Since there’s a 1-second gap even between two batch norm kernels, the total execution time certainly shouldn’t be just a few milliseconds. Why is this happening? Am I misunderstanding the data captured by nsys? Or is there an issue with my measurement method? Or does this measurement method only count the sum of kernel execution times without including idle periods?
Additionally, could I use the time elapsed between CUDA profiling initialization and CUDA profiling data flush as my total time (including time for H to D or D to H data transfers)?
Your events measure the kernel execution time on the GPU, not host overhead, IDLE times, CPU bottlenecks etc. The Nsight System view shows you the actual timeline with kernel lauches, kernel execution time, etc.
Thank you very much for your response!! I think I understand what you mean.
I’d like to ask some more detailed questions:
If I want to get the actual execution time (including kernel launch and idle waiting times in between), can I get that directly through instrumentation in PyTorch?
Or can I get it directly from nsys, but I’m not sure which point in the nsys timeline I should use as the start of timing and which point as the end?
I would recommend sticking to a visual profiler to get a full overview of the execution timeline. Nsight systems or the native PyTorch profiler would be some options.

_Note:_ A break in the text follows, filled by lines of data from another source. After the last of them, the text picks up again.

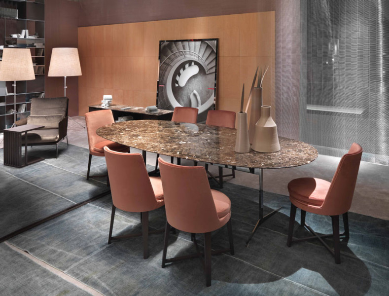 这是一张优雅的餐桌,也被解读成圆形的咖啡桌。CLARKE的金属结构是由腿部延伸到大理石或实木的桌面。桌面以一种不同寻常的椭圆形形式存在,同时保留坚定地结构。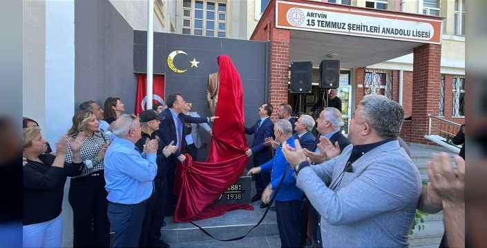 Artvin 15 Temmuz Şehitleri Anadolu Lisesi'nde yeni bir Atatürk Anıtı törenle açıldı. Öğrenciler, öğretmenler, veliler ve yerel yöneticilerin katıldığı törende, anıtın yapımında Artvin Ticaret Borsası başta olmak üzere birçok kurumun desteği görüldü.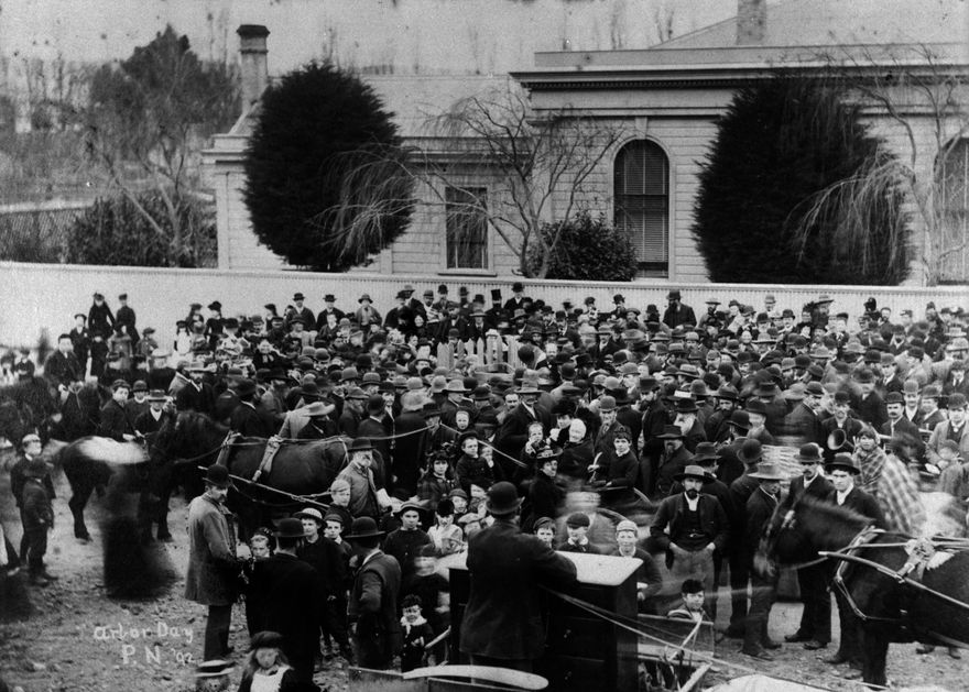 A large crowd gathered to plant a tree in the middle of the triangular picket enclosure (centre of photo), in Broad Street (Broadway Avenue) near the junction with The Square, Palmerston North. The Bank of Australasia is in the background.
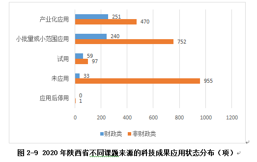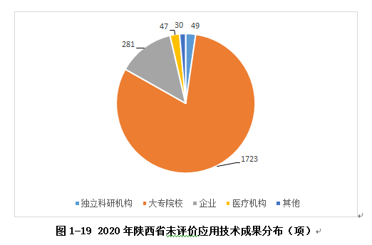 在2020年陕西省登记的科技成果中,正在应用的科技成果(包括试用、小批量或小范围应用、产业化应用)之和为1870项,占比65.43%,未应用的科技成果(包括应用后停用和未应用)为988项,占34.57%。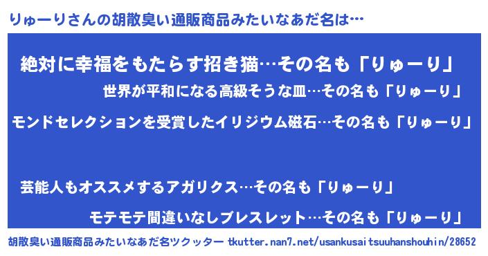 | ヒーロー風カッコイイあだ名 | 『慈愛の使者りゅーり』『ネオリューリ』 |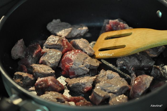 Говядину посолить и поперчить. Разогреть на сковороде масло, обжарить говядину со всех сторон примерно 10 мин. переложить в жаровню или в кастрюлю с тяжелым дном.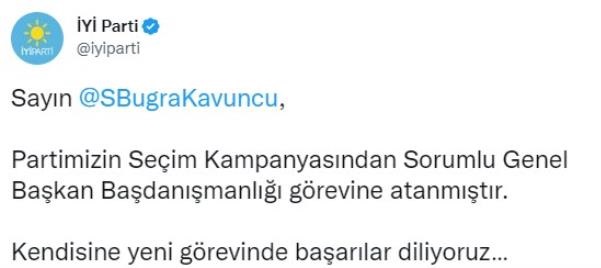 Partinin sosyal medya hesabında yapılan paylaşıma göre, İYİ Parti Genel Başkanı Meral Akşener, Buğra Kavuncu'ya yeni görevinde başarılar diledi. Açıklamada şu ifadelere yer verildi: "Sayın Buğra Kavuncu Partimizin Seçim Kampanyasından Sorumlu Genel Başkan Başdanışmanlığı görevine atanmıştır. Kendisine yeni görevinde başarılar diliyoruz…"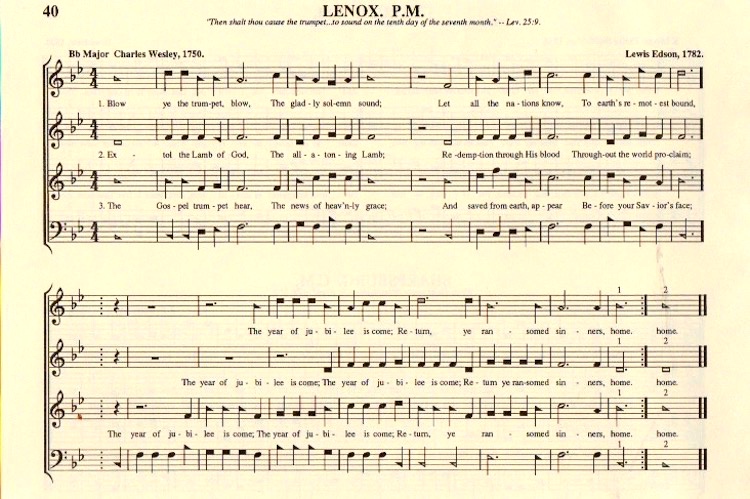 (#7) Lenox 40 by Lewis Edson; text (by Charles Wesley) “Blow ye the trumpet, blow”

You can use nvtx markers inside your code to mark regions which would show up in nsys.
Why is the idle time between kernels so long? The kernel execution time is only a few milliseconds, but the waiting time is over a second, which is a completely different order of magnitude.
Is this normal behavior without applying other optimizations? What causes this situation?
Or is it because the model I’m executing or the input data is relatively small, resulting in this phenomenon?
Your workload might be CPU-limited meaning your CPU is not fast enough in scheduling the kernels. You could try to apply CUDA Graphs to reduce the CPU overhead and profile it again.